Pattern recognition receptors confer plant resistance to pathogen infection by recognizing the conserved pathogen-associated molecular patterns. The cell surface receptor chitin elicitor receptor kinase 1 of Arabidopsis (AtCERK1) directly binds chitin through its lysine motif (LysM)-containing ectodomain (AtCERK1-ECD) to activate immune responses. The crystal structure that we solved of an AtCERK1-ECD complexed with a chitin pentamer reveals that their interaction is primarily mediated by a LysM and three chitin residues. By acting as a bivalent ligand, a chitin octamer induces AtCERK1-ECD dimerization that is inhibited by shorter chitin oligomers. A mutation attenuating chitin-induced AtCERK1-ECD dimerization or formation of nonproductive AtCERK1 dimer by overexpression of AtCERK1-ECD compromises AtCERK1-mediated signaling in plant cells. Together, our data support the notion that chitin-induced AtCERK1 dimerization is critical for its activation.

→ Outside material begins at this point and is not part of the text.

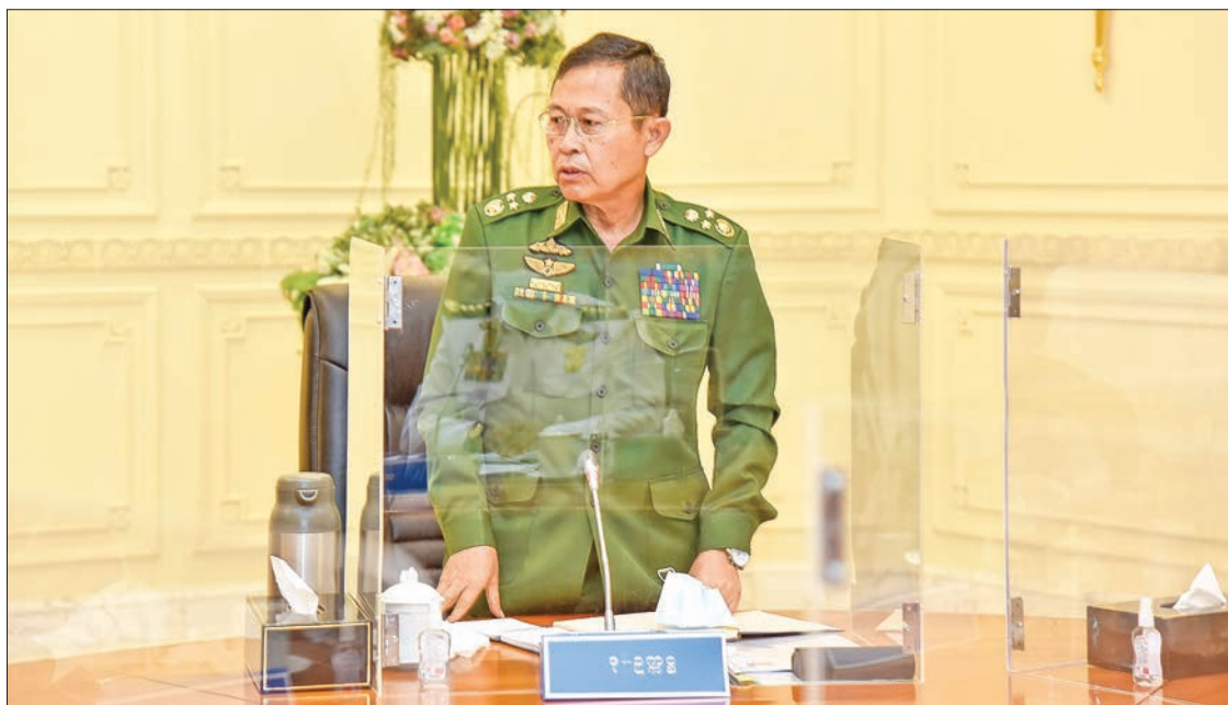
The Vice-Chairman of the Council Deputy Commander-in-Chief of Defence Services reported on security arrangements, riotous and violent organizations' attempts to commit destructive acts, and future plans to take regional security.

Peaceful protests were staged as of the third day when the Tatmadaw took responsibilities for the State. Later, protests were transformed into riots, violent acts, setting fire for destruction, rebellion and killing. These events were tackled under the law step by step. Handling the riots in the international community, it can be seen that the countries on the path of democracy for a long time take more severe action than that of Myanmar. Meanwhile, some ethnic armed organizations attacked some outposts of the Tatmadaw and Myanmar Police Force as an act to fish in trouble water. It was known that they committed such actions due to foreign countries' support without any political concepts. As such, the Tatmadaw responded to them. The Council maintains the peace to realize the peace process and develop the country in democracy as they are ethnics and have signed the NCA. However, the Council responded to them, which broke the NCA. In reviewing such events, it can be

模式识别受体通过识别保守的病原体相关分子模式赋予植物对病原体感染的抗性。拟南芥细胞表面受体几丁质激发受体激酶 1(AtCERK1)通过其含有赖氨酸基序(LysM)的胞外结构域(AtCERK1-ECD)直接与几丁质结合,从而激活免疫反应。我们解决的一个 AtCERK1-ECD 与五聚体几丁质复合物的晶体结构揭示了它们的相互作用主要是由一个 LysM 和三个几丁质残基介导的。作为一个二价配体,一个八聚体几丁质诱导 AtCERK1-ECD 二聚化,而较短的几丁质低聚物抑制这种二聚化。通过过表达 AtCERK1-ECD 来减弱几丁质诱导的 AtCERK1-ECD 二聚化或形成非生产性 AtCERK1 二聚体的突变,会损害 AtCERK1 介导的植物细胞信号转导。总之,我们的数据支持这样的观点,即几丁质诱导的 AtCERK1 二聚化对于其激活至关重要。